Software Blog

Distance-based conflict analysis

2025-02-10 11:14 by Simon Sigl

What to Do When an AI Doesn't Learn Satisfactorily?

Why do some AI models fail in critical situations despite following best practices? And what can be done when no model provides satisfactory results?

Let's assume we want to solve a regression or classification problem using machine learning. We have followed best practices: we understand the problem well, have sufficient and clean data, relevant input features, carefully created labels, an appropriate architecture, and suitable training methods and parameters. The overall performance is good, but there are specific cases where none of the trained models correctly predict the target parameter.

In the following example, machine learning models estimate the criticality of a driving scenario. None of the color-coded model outputs match the labeled target (black); in the time range between 0.4 and 1.4 seconds, all models significantly overestimate the criticality.

At this point, machine learning expertise alone is no longer enough—we need to dive deeper into engineering. But before that, let's take a step back.

What Is This About?

From an (embedded cyber-physical) system, we expect deterministic behavior: the same inputs (x) should lead to the same outputs (y). Mathematically, a deterministic system can be modeled as a function: f(x) = y.

In many cases, we even expect strong causality: small changes in the initial state should result in only small changes in the outcome, meaning x₁ ≈ x₂ ⇒ f(x₁) ≈ f(x₂). Within the measurement accuracy and reproducibility of experiments, consistent system behavior is generally required.
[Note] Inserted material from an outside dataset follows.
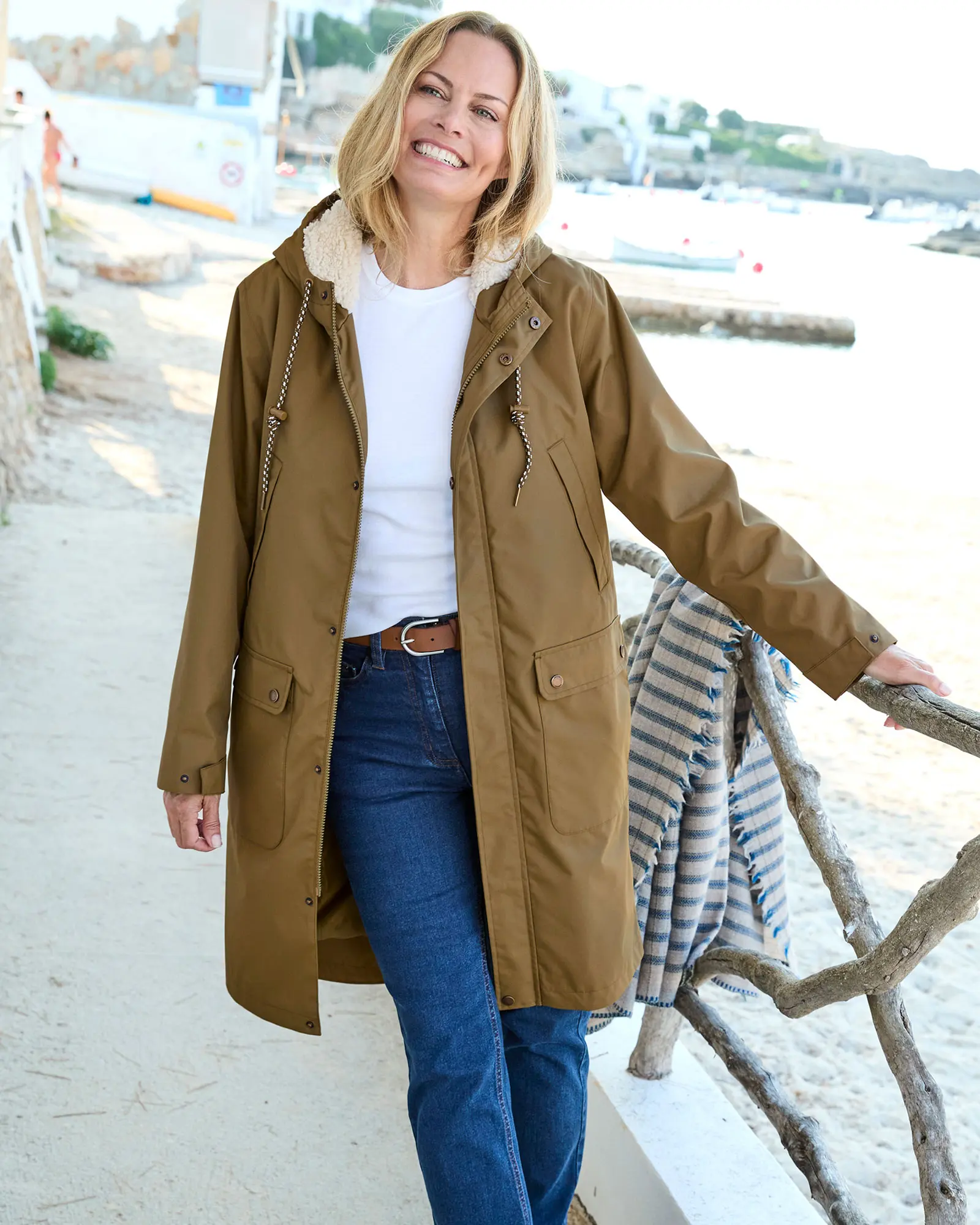 Fully waterproof with a breathable finish and taped seams for extra protection Teddy fleece lined for added comfort and warmth Hood with adjustable drawcord Twin two-way entry patch pockets with popper flap fastenings to the lower body Twin slanted chest pockets Single inner pocket with zip fastening Zip-through front with popper-fastening storm flap. Drop curved hem at the rear Adjustable popper tab fastening to the wrists The perfect companion in a downpour, this breathable jacket is ideal for spring walks, keeping you dry and comfortable as the seasons change. With a teddy fleece upper body lining, waterproof taped seams, and a popper fastening storm flap over the Cotton Traders embossed zip front, even the heaviest showers are no match for the Moorland Jacket. A peaked hood (with its handy adjustable drawcord) helps keep the rain off your face and promises a perfectly personalised fit. To complete the look, we’ve added two-way twin pockets to the lower body, twin slanted chest pockets to warm your hands and a zip fastening inner pocket for all your essentials. Machine Washable100% Polyester | Cotton Traders Fleece Lined Moorland Jacket in Brown, 100% Polyester, Size Small

While we expect deterministic behavior in cyber-physical systems, the real challenge often lies in inconsistent labeling and conflicting requirements.

Distance-based conflict analysis helps to uncover these contradictions. In the training dataset, pairs of samples are identified that have different labels—meaning different model outputs are expected—yet have very small distances between their input vectors.

Such samples represent a requirement conflict: when sensor data is nearly indistinguishable, different outputs are still expected. No algorithm can fulfill this requirement, whether it is based on analytical equations or machine learning.

For example, in autonomous driving, rain can cause similar sensor readings for different road conditions. If one scenario is labeled as ‘safe’ and another as ‘critical,’ this creates a requirement conflict that needs resolution.

Managing Requirement Conflicts

Requirement conflicts are unsolvable within the function f itself. To resolve a conflict, a system developer has exactly three possible options:

Modify or extend inputs (x): Improve parameterization or incorporate additional sensors or information so that input vectors x₁ and x₂ become distinguishable.
Adjust the required output (y): Accept "incorrect" system behavior in one of the samples and redefine the corresponding labels to ensure consistency.
Reduce the validity range: Exclude x₁, x₂, or both from the system’s Operational Design Domain (ODD). For example, the system could be disabled in rainy conditions or at low speeds.

Once a conflict is successfully resolved, it is advisable to continue iterating until no further requirement conflicts can be detected. The result of this process is a dataset that provides an example-based and contradiction-free representation of the system’s functional requirements.

Of course, each of these three options has implications—such as manufacturing costs, potential incorrect system behavior, or operational usefulness. Therefore, these decisions must be made consciously and based on evidence.

Both conflict analysis and impact assessment are integral to active requirement conflict management, which is available within ANDATA’s Scenario Management as a Service (SMaaS)

Tool Support

Conflict analysis has been a long-standing feature of ANDATA software, but it has now been completely redesigned. Users can now configure conflict analysis more intuitively, run calculations significantly faster, and gain deeper insights through improved visualizations

The updated distance-based conflict analysis will be included in the next spring release of the ANDATA tools, available in STIPULATOR and BRAINER.